═════ The data ═════

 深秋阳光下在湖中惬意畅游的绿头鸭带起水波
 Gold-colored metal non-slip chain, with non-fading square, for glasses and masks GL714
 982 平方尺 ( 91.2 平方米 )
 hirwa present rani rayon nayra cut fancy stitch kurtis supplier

═════
═════ The data ═════

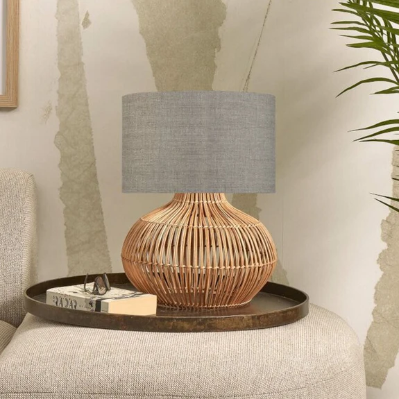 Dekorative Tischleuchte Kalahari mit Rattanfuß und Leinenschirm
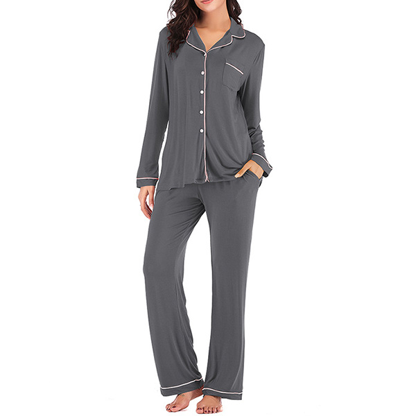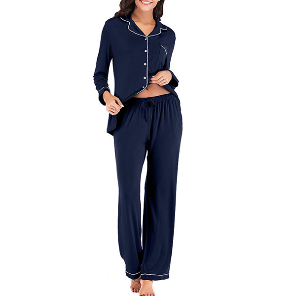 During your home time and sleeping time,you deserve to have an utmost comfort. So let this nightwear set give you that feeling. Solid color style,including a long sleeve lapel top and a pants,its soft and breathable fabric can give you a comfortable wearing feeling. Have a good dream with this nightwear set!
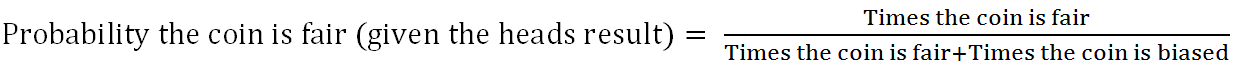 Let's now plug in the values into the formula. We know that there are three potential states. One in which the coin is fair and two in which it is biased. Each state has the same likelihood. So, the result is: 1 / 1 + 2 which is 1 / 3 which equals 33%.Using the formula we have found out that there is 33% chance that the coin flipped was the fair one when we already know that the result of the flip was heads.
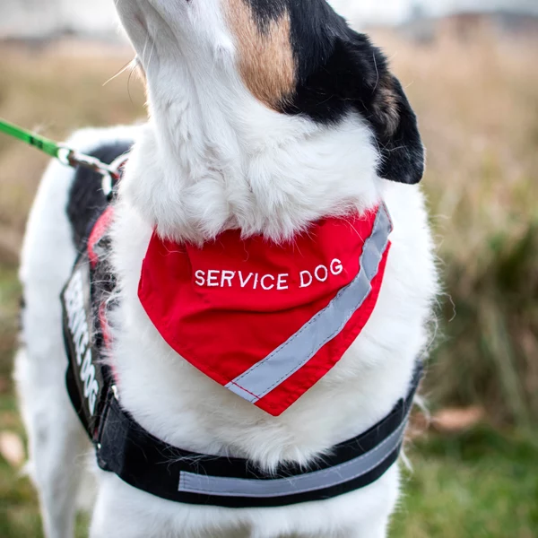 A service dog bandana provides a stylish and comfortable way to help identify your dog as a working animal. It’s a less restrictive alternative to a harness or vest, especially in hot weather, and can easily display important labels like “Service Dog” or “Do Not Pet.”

═════

Your instructions: Look back at the entries above and repeat, unchanged, every line from the line holding "Gold-colored metal non-slip" through the line holding "hirwa present rani".

Expected output:
 Gold-colored metal non-slip chain, with non-fading square, for glasses and masks GL714
 982 平方尺 ( 91.2 平方米 )
 hirwa present rani rayon nayra cut fancy stitch kurtis supplier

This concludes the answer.